>>

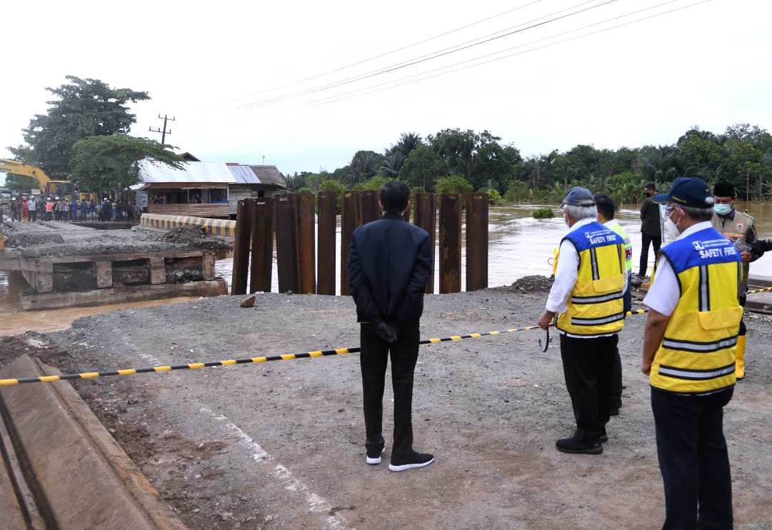 (Vibizmedia-Nasional) Presiden Joko Widodo meninjau salah satu jembatan yang rusak karena bencana banjir di Provinsi Kalimantan Selatan sehingga akses jalan nasional di provinsi tersebut menjadi terputus. Jembatan tersebut adalah Jembatan Mataraman.
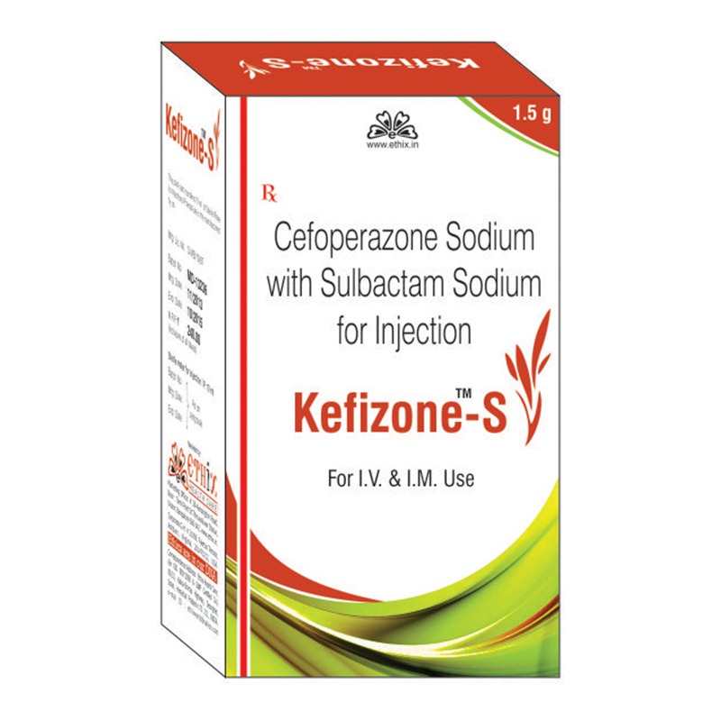 KefiZone 1.5 S is a combination of Cefoperazone, a third-generation cephalosporin antibiotic, and Sulbactam, a β-lactamase inhibitor. This combination enhances antibacterial efficacy by overcoming resistance mechanisms in β-lactamase-producing bacteria. It is designed for the treatment of severe bacterial infections caused by multidrug-resistant pathogens.
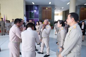 วันที่ 25 สิงหาคม 2568 เวลา 06.30 น. นายบุญสงค์ ทัพชัยยุทธ์ ปลัดกระทรวงแรงงาน สักการะสิ่งศักดิ์สิทธิ์ประจำกระทรวงแรงงาน ประกอบด้วย พระพุทธสุทธิธรรมบพิตร พระพุทธชินราช ศาลพ่อปู่ชัยมงคล ศาลท้าวมหาพรหมเทวฤทธิ์ ศาลพ่อปู่ชินพรหมมา เนื่องในโอกาสอำลาตำแหน่ง โดยมี นางสาวบุปผา เรืองสุด รองปลัดกระทรวงแรงงาน นายสมาสภ์ ปัทมะสุคนธ์ รองปลัดกระทรวงแรงงาน นางสาวบุณยวีร์ ไขว้พันธุ์ หัวหน้าผู้ตรวจราชการกระทรวงแรงงาน นายพิเชษฐ์ ทองพันธ์ ผู้ตรวจราชการกระทรวงแรงงาน ว่าที่ร้อยตรี สมศักดิ์ พรหมดำ ผู้ตรวจราชการกระทรวงแรงงาน นายเกริกไกร นาสมยนต์ ที่ปรึกษากฎหมาย นายณัฐวุฒิ ภัทรประยูร ที่ปรึกษาวิชาการแรงงาน นางสาวกรจิรัฏฐ์ พงจันทร์ศธร ผู้ช่วยปลัดกระทรวงแรงงาน นายศักดินาถ สนธิศักดิ์โยธิน ผู้ช่วยปลัดกระทรวงแรงงาน พร้อมด้วย ผู้บริหารระดับสูงกระทรวงแรงงาน ข้าราชการ เจ้าหน้าที่ จากทุกหน่วยงานในสังกัดกระทรวงแรงงาน ร่วมมอบดอกไม้ให้กำลังใจ ณ บริเวณโถงด้านล่างกระทรวงแรงงาน
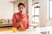 Zdjęcie "Młody człowiek rasy mieszanej jedząc śniadanie w kuchni na rano czuje się dumny i pewny siebie, przykład do naśladowania." może być wykorzystywane do celów osobistych i komercyjnych zgodnie z warunkami zakupionej licencji Royalty-free. Obraz jest dostępny do pobrania w jakości wysokiej rozdzielczości do 5760x3840.

<<

▶ **Work task**:
Exact copy, no pictures: please print the data above once more.

▶ **Exercise result**:
 (Vibizmedia-Nasional) Presiden Joko Widodo meninjau salah satu jembatan yang rusak karena bencana banjir di Provinsi Kalimantan Selatan sehingga akses jalan nasional di provinsi tersebut menjadi terputus. Jembatan tersebut adalah Jembatan Mataraman.
 KefiZone 1.5 S is a combination of Cefoperazone, a third-generation cephalosporin antibiotic, and Sulbactam, a β-lactamase inhibitor. This combination enhances antibacterial efficacy by overcoming resistance mechanisms in β-lactamase-producing bacteria. It is designed for the treatment of severe bacterial infections caused by multidrug-resistant pathogens.
 วันที่ 25 สิงหาคม 2568 เวลา 06.30 น. นายบุญสงค์ ทัพชัยยุทธ์ ปลัดกระทรวงแรงงาน สักการะสิ่งศักดิ์สิทธิ์ประจำกระทรวงแรงงาน ประกอบด้วย พระพุทธสุทธิธรรมบพิตร พระพุทธชินราช ศาลพ่อปู่ชัยมงคล ศาลท้าวมหาพรหมเทวฤทธิ์ ศาลพ่อปู่ชินพรหมมา เนื่องในโอกาสอำลาตำแหน่ง โดยมี นางสาวบุปผา เรืองสุด รองปลัดกระทรวงแรงงาน นายสมาสภ์ ปัทมะสุคนธ์ รองปลัดกระทรวงแรงงาน นางสาวบุณยวีร์ ไขว้พันธุ์ หัวหน้าผู้ตรวจราชการกระทรวงแรงงาน นายพิเชษฐ์ ทองพันธ์ ผู้ตรวจราชการกระทรวงแรงงาน ว่าที่ร้อยตรี สมศักดิ์ พรหมดำ ผู้ตรวจราชการกระทรวงแรงงาน นายเกริกไกร นาสมยนต์ ที่ปรึกษากฎหมาย นายณัฐวุฒิ ภัทรประยูร ที่ปรึกษาวิชาการแรงงาน นางสาวกรจิรัฏฐ์ พงจันทร์ศธร ผู้ช่วยปลัดกระทรวงแรงงาน นายศักดินาถ สนธิศักดิ์โยธิน ผู้ช่วยปลัดกระทรวงแรงงาน พร้อมด้วย ผู้บริหารระดับสูงกระทรวงแรงงาน ข้าราชการ เจ้าหน้าที่ จากทุกหน่วยงานในสังกัดกระทรวงแรงงาน ร่วมมอบดอกไม้ให้กำลังใจ ณ บริเวณโถงด้านล่างกระทรวงแรงงาน
 Zdjęcie "Młody człowiek rasy mieszanej jedząc śniadanie w kuchni na rano czuje się dumny i pewny siebie, przykład do naśladowania." może być wykorzystywane do celów osobistych i komercyjnych zgodnie z warunkami zakupionej licencji Royalty-free. Obraz jest dostępny do pobrania w jakości wysokiej rozdzielczości do 5760x3840.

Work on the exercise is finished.